A few tablespoons of fig balsamic vinegar, some pinches of Herbes de Provence, a dash of Angostura bitters: Those might be the most highfalutin ingredients in Sunday Dinner, Bridgette A. Lacy's inspiring new meditation on the merit of meals shared with friends and enjoyed over the course of a restorative afternoon.

The Raleigh-based food writer grew up in a religious household in Virginia. The family's traditional meal—fluctuating between main courses of fried chicken ("the gospel bird") and pork chips, slow-cooked ribs and pot roasts, with a bevy of sides, desserts and breads—was a rite of passage for the workweek ahead for the adults and an all-important auxiliary life lesson for the kids. Most of all, it was a chance for family to eat and entertain in a room. "Sunday dinner was the artistic expression of my grandfather's love for his family," Lacy writes in the introduction for her entry in UNC Press' Savor the South series. She plunks you into that scene and encourages you to start one, too.
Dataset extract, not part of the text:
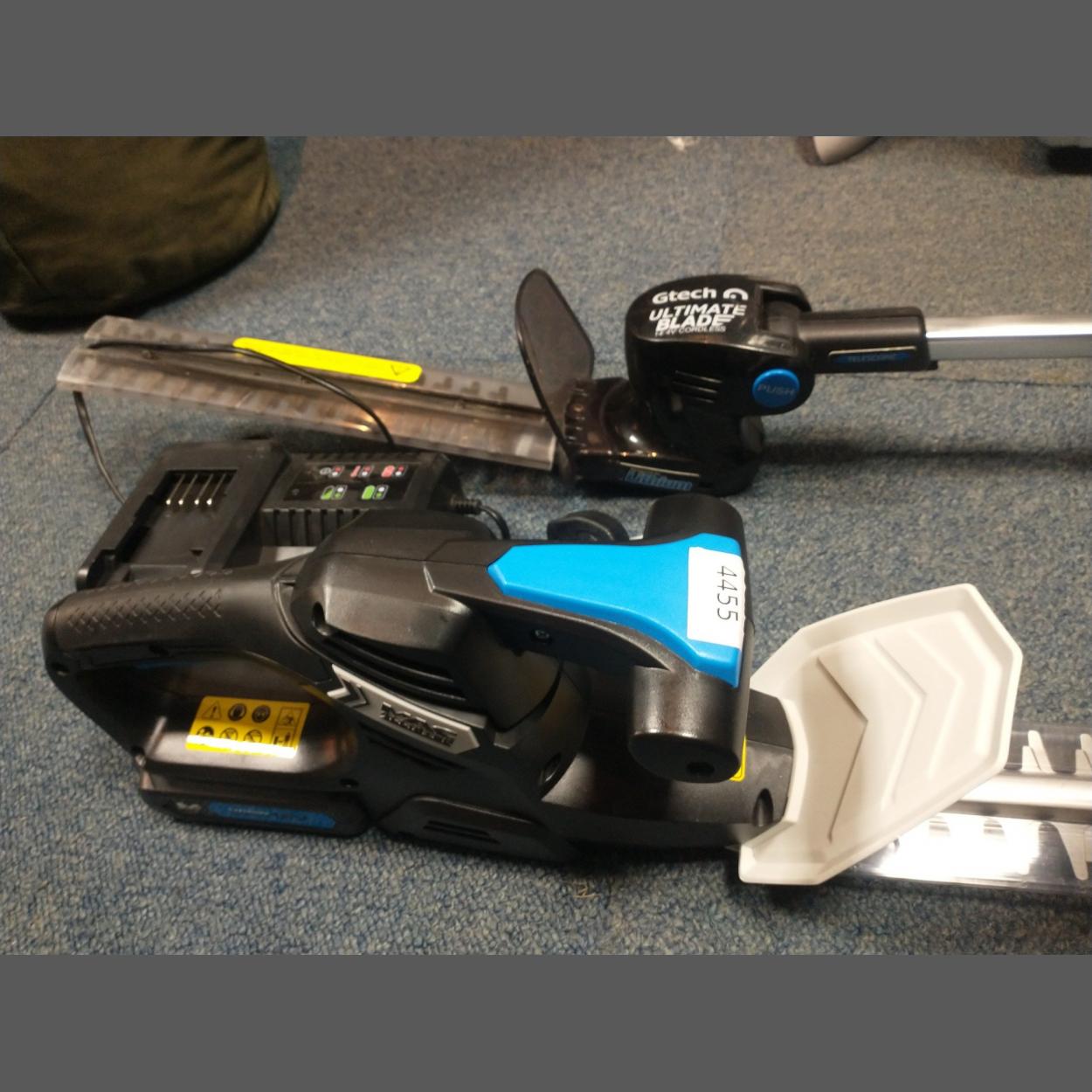 A GTech Ultimate Blade cordless hedge trimmer without charger cable(available to order from Amazon). A MacAllister hedge trimmer with charger.

Lacy rolls through the recipes of her family and friends, dishing on and detailing the old ways while offering timely updates to classic fare. She leads readers through short vignettes explaining each dish's origins, from the way her mother serves crab cakes on potato rolls to how she first discovered pecan-encrusted sweet potato casserole at a progressive church dinner. But she mindfully avoids turning the South into a nostalgia trap. Rather, she uses Sunday dinner as a metaphor for any food-based communion, not a romanticization of region or religion. These meals happen all over the world, urges Lacy, so make time in your world for one, too.